■ Your assignment: Transcribe the entries below word for word, beginning at the line with "и Саудовская Аравия" and stopping after the line with "Street scene with"; drop all pictures.

■ Given records:
◆ ◆ ◆
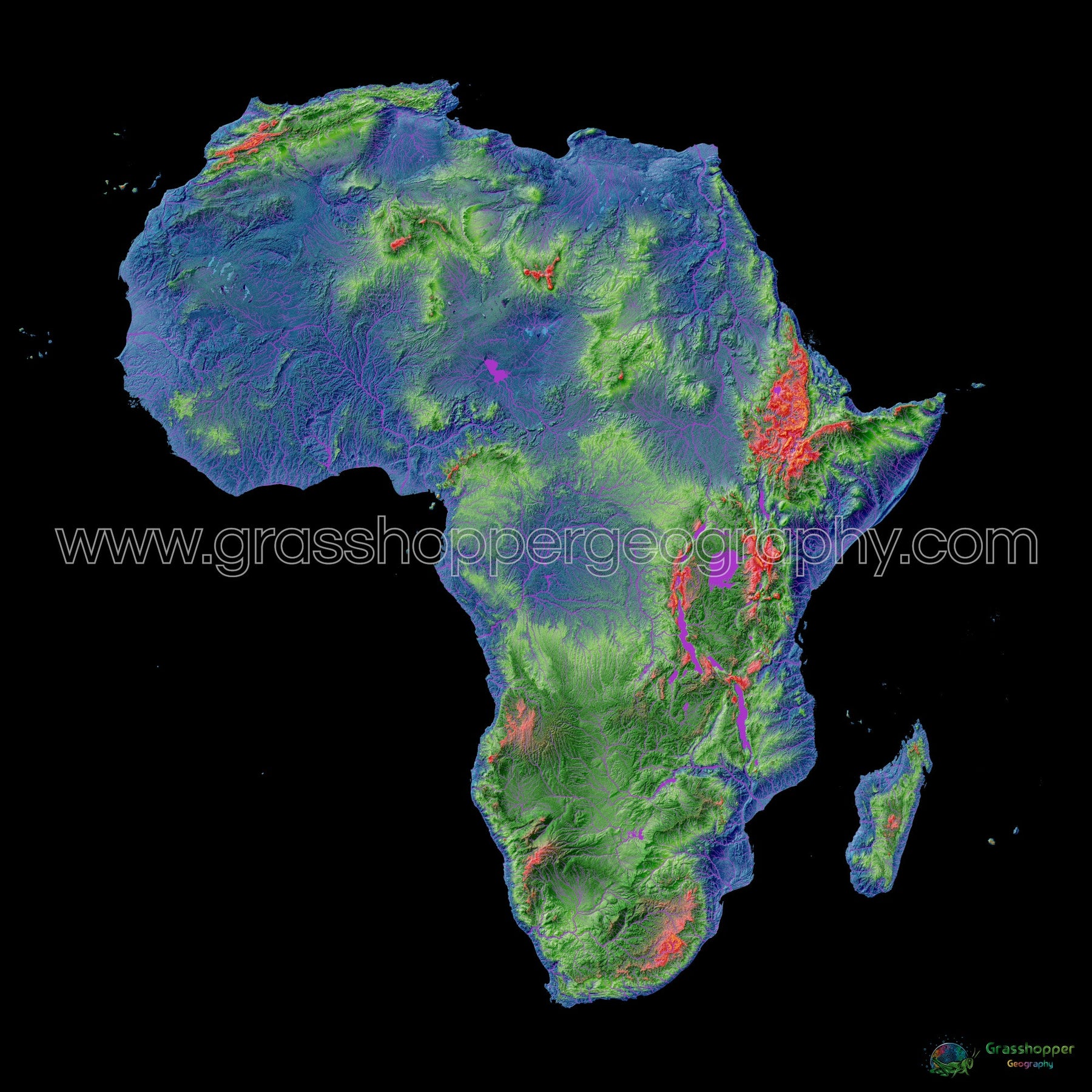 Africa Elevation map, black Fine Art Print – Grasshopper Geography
◆ ◆ ◆
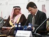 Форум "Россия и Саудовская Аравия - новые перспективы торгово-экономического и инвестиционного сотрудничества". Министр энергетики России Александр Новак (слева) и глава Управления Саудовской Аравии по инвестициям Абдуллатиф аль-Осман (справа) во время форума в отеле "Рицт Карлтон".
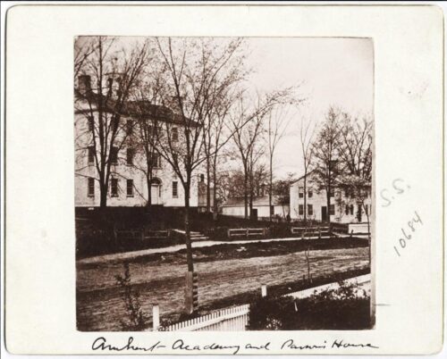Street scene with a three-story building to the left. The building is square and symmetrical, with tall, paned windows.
◆ ◆ ◆
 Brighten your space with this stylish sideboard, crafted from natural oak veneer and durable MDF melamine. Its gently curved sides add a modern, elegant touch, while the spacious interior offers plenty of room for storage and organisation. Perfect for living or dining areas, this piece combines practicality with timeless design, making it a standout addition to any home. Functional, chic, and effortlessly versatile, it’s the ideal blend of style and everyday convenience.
◆ ◆ ◆
■ Problem solution:
 Форум "Россия и Саудовская Аравия - новые перспективы торгово-экономического и инвестиционного сотрудничества". Министр энергетики России Александр Новак (слева) и глава Управления Саудовской Аравии по инвестициям Абдуллатиф аль-Осман (справа) во время форума в отеле "Рицт Карлтон".
Street scene with a three-story building to the left. The building is square and symmetrical, with tall, paned windows.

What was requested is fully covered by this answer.